Exercise details:
The entries below hold a line with "Cuscino Artigianale per" and a line with "Brand New Rolex". Return those lines and all that lie between them, exactly and only.

-------- Data for processing

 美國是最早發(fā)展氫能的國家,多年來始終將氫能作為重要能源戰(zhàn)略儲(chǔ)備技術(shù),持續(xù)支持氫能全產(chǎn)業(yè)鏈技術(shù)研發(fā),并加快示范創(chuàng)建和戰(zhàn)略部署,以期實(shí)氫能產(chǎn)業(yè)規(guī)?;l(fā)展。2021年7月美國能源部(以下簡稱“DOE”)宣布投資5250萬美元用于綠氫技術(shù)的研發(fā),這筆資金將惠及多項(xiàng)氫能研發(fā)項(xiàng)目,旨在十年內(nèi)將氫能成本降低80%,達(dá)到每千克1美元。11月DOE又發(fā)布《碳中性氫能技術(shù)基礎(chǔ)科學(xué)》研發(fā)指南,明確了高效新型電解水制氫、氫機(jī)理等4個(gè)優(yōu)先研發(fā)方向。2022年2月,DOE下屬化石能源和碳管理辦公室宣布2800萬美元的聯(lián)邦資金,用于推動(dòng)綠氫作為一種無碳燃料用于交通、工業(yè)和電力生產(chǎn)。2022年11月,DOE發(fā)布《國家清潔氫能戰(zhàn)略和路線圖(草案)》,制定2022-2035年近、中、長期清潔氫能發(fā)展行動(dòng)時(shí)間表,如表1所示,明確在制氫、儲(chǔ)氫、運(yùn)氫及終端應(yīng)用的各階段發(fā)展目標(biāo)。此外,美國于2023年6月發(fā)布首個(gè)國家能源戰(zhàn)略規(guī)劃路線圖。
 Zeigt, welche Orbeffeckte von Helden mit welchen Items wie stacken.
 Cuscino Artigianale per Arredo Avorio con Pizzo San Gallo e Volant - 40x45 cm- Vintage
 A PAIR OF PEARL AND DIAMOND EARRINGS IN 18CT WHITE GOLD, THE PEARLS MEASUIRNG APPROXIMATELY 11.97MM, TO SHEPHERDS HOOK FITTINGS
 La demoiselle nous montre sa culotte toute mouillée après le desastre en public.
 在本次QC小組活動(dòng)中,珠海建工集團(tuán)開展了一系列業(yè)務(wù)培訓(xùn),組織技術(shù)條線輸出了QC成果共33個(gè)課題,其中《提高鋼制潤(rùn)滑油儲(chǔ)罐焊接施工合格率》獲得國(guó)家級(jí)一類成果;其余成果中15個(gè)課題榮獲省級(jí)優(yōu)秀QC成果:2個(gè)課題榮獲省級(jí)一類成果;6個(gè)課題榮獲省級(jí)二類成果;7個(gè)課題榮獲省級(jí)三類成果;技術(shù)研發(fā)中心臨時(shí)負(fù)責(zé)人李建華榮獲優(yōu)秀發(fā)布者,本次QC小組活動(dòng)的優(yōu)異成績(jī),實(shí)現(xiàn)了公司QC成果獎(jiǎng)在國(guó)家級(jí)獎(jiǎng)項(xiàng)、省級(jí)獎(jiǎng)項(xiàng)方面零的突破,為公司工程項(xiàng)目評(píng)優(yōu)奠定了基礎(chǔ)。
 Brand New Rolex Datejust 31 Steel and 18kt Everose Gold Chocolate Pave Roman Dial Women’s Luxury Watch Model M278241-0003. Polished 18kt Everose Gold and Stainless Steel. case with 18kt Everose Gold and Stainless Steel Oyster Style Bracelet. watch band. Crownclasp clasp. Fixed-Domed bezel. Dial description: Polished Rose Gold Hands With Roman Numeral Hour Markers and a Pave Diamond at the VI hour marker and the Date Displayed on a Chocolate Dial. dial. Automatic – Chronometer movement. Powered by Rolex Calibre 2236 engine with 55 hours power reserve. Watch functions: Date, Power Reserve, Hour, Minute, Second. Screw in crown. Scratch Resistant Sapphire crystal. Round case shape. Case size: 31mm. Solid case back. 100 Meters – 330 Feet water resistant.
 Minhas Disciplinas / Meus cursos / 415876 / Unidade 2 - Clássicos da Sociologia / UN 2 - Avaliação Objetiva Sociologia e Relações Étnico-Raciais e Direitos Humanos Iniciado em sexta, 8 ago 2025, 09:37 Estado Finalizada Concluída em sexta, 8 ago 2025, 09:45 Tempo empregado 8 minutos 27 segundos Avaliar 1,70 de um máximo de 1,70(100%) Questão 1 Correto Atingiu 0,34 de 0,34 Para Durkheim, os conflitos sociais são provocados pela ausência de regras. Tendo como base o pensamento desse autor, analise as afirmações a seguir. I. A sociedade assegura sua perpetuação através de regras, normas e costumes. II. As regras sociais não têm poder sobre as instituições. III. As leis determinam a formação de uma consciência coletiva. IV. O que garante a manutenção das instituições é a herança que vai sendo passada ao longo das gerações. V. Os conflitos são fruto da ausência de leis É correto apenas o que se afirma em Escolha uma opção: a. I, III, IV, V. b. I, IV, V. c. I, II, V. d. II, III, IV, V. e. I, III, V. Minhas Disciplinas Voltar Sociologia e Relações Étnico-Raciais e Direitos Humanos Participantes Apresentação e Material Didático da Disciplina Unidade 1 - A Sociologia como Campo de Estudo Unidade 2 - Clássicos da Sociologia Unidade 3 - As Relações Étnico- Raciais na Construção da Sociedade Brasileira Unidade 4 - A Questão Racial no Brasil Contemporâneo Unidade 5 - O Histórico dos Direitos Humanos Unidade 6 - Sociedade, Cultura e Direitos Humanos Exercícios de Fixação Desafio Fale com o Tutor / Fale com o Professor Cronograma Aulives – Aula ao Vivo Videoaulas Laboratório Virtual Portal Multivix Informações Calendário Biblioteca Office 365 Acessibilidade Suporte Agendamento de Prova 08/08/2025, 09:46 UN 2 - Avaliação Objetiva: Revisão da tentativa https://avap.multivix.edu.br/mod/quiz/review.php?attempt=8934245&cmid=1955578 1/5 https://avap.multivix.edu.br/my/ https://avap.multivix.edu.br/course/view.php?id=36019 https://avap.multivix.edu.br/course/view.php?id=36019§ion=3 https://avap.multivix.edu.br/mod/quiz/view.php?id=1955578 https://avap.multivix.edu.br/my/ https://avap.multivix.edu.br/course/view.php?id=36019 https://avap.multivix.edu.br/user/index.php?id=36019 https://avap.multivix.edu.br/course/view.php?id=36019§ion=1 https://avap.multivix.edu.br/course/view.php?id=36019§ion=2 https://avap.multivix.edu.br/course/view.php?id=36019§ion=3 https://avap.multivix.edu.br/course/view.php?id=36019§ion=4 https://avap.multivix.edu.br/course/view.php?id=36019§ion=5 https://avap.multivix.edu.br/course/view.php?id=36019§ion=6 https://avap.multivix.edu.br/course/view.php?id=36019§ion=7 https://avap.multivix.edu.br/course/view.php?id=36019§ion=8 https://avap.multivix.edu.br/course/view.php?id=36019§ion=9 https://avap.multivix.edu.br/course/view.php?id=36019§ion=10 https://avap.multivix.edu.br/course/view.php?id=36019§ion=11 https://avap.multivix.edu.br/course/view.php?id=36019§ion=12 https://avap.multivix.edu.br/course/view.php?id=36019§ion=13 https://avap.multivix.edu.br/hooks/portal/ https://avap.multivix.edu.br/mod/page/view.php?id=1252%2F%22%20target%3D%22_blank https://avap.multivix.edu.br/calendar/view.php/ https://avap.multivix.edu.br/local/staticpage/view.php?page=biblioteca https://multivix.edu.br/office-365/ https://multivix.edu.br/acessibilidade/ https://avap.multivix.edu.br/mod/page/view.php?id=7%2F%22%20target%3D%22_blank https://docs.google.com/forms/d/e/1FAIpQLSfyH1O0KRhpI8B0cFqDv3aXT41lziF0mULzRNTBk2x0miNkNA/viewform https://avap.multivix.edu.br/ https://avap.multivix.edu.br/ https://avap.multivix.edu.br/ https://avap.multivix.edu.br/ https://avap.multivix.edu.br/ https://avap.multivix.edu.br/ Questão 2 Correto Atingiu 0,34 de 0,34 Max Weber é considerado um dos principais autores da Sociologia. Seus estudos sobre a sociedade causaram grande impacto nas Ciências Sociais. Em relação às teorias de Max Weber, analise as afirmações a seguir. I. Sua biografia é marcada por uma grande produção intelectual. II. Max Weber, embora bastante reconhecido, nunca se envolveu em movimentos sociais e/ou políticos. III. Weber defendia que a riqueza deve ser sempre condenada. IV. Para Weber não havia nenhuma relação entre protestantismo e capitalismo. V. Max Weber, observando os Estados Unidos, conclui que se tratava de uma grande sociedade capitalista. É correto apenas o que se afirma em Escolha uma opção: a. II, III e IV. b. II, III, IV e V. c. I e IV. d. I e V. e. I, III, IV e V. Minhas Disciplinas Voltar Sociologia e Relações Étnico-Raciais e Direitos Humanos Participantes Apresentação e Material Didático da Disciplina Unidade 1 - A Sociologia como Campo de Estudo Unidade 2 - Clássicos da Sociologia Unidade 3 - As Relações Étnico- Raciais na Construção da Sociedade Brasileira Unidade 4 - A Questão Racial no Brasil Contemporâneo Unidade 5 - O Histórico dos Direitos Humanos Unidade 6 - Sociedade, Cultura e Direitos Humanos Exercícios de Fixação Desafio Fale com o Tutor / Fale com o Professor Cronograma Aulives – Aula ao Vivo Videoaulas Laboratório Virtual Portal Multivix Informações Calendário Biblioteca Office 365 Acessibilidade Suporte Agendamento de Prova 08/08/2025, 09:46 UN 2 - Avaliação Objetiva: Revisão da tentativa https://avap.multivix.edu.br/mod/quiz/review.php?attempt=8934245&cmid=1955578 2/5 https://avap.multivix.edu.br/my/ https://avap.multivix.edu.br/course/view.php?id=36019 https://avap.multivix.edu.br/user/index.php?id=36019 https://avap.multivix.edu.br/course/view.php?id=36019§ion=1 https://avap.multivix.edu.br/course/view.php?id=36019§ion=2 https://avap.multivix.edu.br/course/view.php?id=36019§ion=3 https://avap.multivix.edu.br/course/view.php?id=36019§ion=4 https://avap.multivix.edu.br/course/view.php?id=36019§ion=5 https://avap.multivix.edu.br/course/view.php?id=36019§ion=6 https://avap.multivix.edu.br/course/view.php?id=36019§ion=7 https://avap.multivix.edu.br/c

----------------

Completed task:
 Cuscino Artigianale per Arredo Avorio con Pizzo San Gallo e Volant - 40x45 cm- Vintage
 A PAIR OF PEARL AND DIAMOND EARRINGS IN 18CT WHITE GOLD, THE PEARLS MEASUIRNG APPROXIMATELY 11.97MM, TO SHEPHERDS HOOK FITTINGS
 La demoiselle nous montre sa culotte toute mouillée après le desastre en public.
 在本次QC小組活動(dòng)中,珠海建工集團(tuán)開展了一系列業(yè)務(wù)培訓(xùn),組織技術(shù)條線輸出了QC成果共33個(gè)課題,其中《提高鋼制潤(rùn)滑油儲(chǔ)罐焊接施工合格率》獲得國(guó)家級(jí)一類成果;其余成果中15個(gè)課題榮獲省級(jí)優(yōu)秀QC成果:2個(gè)課題榮獲省級(jí)一類成果;6個(gè)課題榮獲省級(jí)二類成果;7個(gè)課題榮獲省級(jí)三類成果;技術(shù)研發(fā)中心臨時(shí)負(fù)責(zé)人李建華榮獲優(yōu)秀發(fā)布者,本次QC小組活動(dòng)的優(yōu)異成績(jī),實(shí)現(xiàn)了公司QC成果獎(jiǎng)在國(guó)家級(jí)獎(jiǎng)項(xiàng)、省級(jí)獎(jiǎng)項(xiàng)方面零的突破,為公司工程項(xiàng)目評(píng)優(yōu)奠定了基礎(chǔ)。
 Brand New Rolex Datejust 31 Steel and 18kt Everose Gold Chocolate Pave Roman Dial Women’s Luxury Watch Model M278241-0003. Polished 18kt Everose Gold and Stainless Steel. case with 18kt Everose Gold and Stainless Steel Oyster Style Bracelet. watch band. Crownclasp clasp. Fixed-Domed bezel. Dial description: Polished Rose Gold Hands With Roman Numeral Hour Markers and a Pave Diamond at the VI hour marker and the Date Displayed on a Chocolate Dial. dial. Automatic – Chronometer movement. Powered by Rolex Calibre 2236 engine with 55 hours power reserve. Watch functions: Date, Power Reserve, Hour, Minute, Second. Screw in crown. Scratch Resistant Sapphire crystal. Round case shape. Case size: 31mm. Solid case back. 100 Meters – 330 Feet water resistant.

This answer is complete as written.